Read more: Glossary of Ad Monetization Terms and Metrics
Statistical Distribution
A statistical distribution gives insight into the spread of data and the probabilities associated with different outcomes. Simply put, it shows the commonality and rarity of different values in a data set.
The graph visually represents users and their session times, including the distribution. However, it can be converted to a density plot. Achieving this transformation requires normalization to 100%, ensuring that the cumulative sum of all values in the graph equals 1.
The graph mirrors the one in the preceding image, but with a modified y-axis that now shows the proportion of all users sharing the same session duration.
This information shows that 20% of users have an initial session length of 2 minutes. In addition, if we were to select a random user and calculate the duration of their session, then with a 20% probability it would be 2 minutes, with a 15% probability it would be 3 minutes, and so on.
Common statistical distributions include the normal distribution, which is characterized by a bell-shaped curve, and the uniform distribution, in which all values have equal probability. In each scenario, the mode, mean, and median show different patterns. For example, in a normal distribution they are usually almost identical. In a log-normal distribution, the median always falls below the mean, and so on.
The key takeaway is that relying only on mean values alone is not always necessary. Looking at the distribution of an attribute provides valuable information about the variability and nature of the data.
Percentile
A percentile is a metric that indicates the relative position of a particular value in a set of data, denoting the percentage of values equal to or below the given value.

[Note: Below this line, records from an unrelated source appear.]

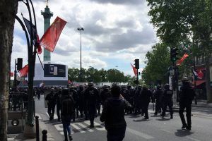 Ce 1er mai, le PRCF avait pavoisé de drapeaux rouges et tricolores le boulevard Beaumarchais, à l’entrée même de la place de la Bastille. Les couleurs claquaient si fort au vent des luttes qu’on se serait cru dans la rue Montorgueil du tableau de Monet. Une belle manif populaire en perspective, où le tricolore qui avait marqué la journée du 18 mars et l’envol de la France insoumise, devait – il était temps – se replonger au le bain de jouvence et de l’Internationale et du rouge ouvrier. Plus que jamais, c’est cette alliance victorieuse qui était à l’ordre du jour : transformer dans la rue l’essai concluant des 19% dans les urnes, afin d’élever le rapport de forces avec le Capital.
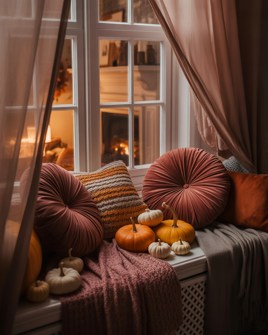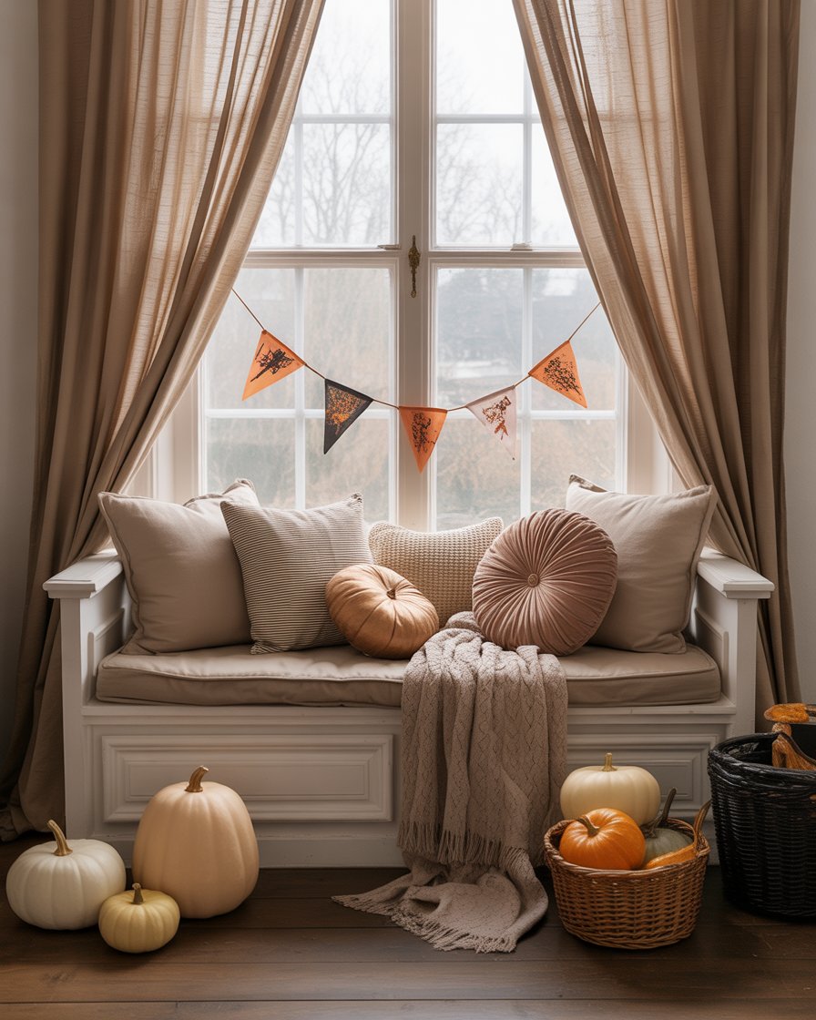 If your bedroom has a window seat, dress it up for Halloween with layered cushions, Halloween bedding throws, and small decorative pumpkins. Add sheer curtains for a dreamy, aesthetic cozy feel. This is one of those ideas diy setups that feels luxurious yet attainable.
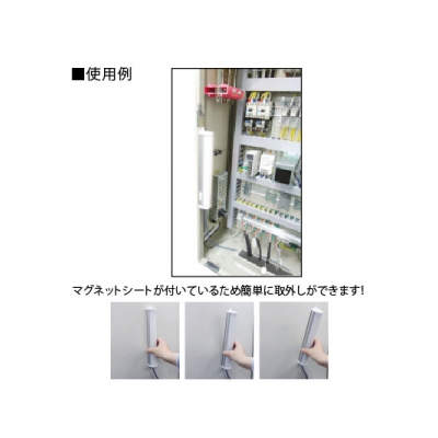 ●マグネットシートが付いている為、簡単に取り外しができ、盤内上部に限らず側面や下から照らすことも可能です。

Let’s apply this concept to our example. In the graph, approximately 6% of users had a session duration of about 0 minutes (rounding is applied in calculations). This value corresponds to the 6th percentile, meaning that 6% of the sample has a value less than or equal to 0 minutes.
An important condition for percentile calculation is having properly sorted data.
This might sound familiar — that’s exactly how we interpret the median. The median is essentially a special percentile, namely the 50th percentile.
Quartile
A quartile is a specific version of a percentile that represents the 25th percentile. Quartiles are used to divide a data set into four equal parts, representing distinct segments of the data distribution. These quartiles, labeled as Q1, Q2, and Q3, provide valuable insights. Q2, commonly known as the median, partitions the data into two equal halves. Q1 represents the lower quartile, signifying the value below which the lowest 25% of the data lies. Conversely, Q3 represents the upper quartile, indicating the value below which the highest 25% of the data resides. Quartiles offer a robust tool for comprehending data spread and pinpointing outliers.
Read more: Main Metrics. Average Session Length
For example, a third quartile value of 6 minutes means that 75% of users had a first session that lasted 6 minutes or less, while only 25% had a longer session. This distinction is remarkable, especially when contrasted with the mean value for the entire sample, which is 5.7 minutes. This highlights how statistics can sometimes mask the nuances inherent in actual data.
Decile
A decile constitutes a 10th part of the overall sample, corresponding to the 10th percentile. The division of a dataset into ten equal parts characterizes deciles, delineating diverse segments of the data distribution. Similar to quartiles, deciles offer a nuanced understanding of data spread. The first decile, denoted as D1, signifies the value below which the lowest 10% of the data resides, while the ninth decile, marked as D9, represents the value below which the lowest 90% of the data falls. Deciles prove particularly valuable in the analysis of large datasets, facilitating the identification of patterns and trends across various segments.
Let’s Practice
If these terms and indicators seem similar, let’s move on to the example.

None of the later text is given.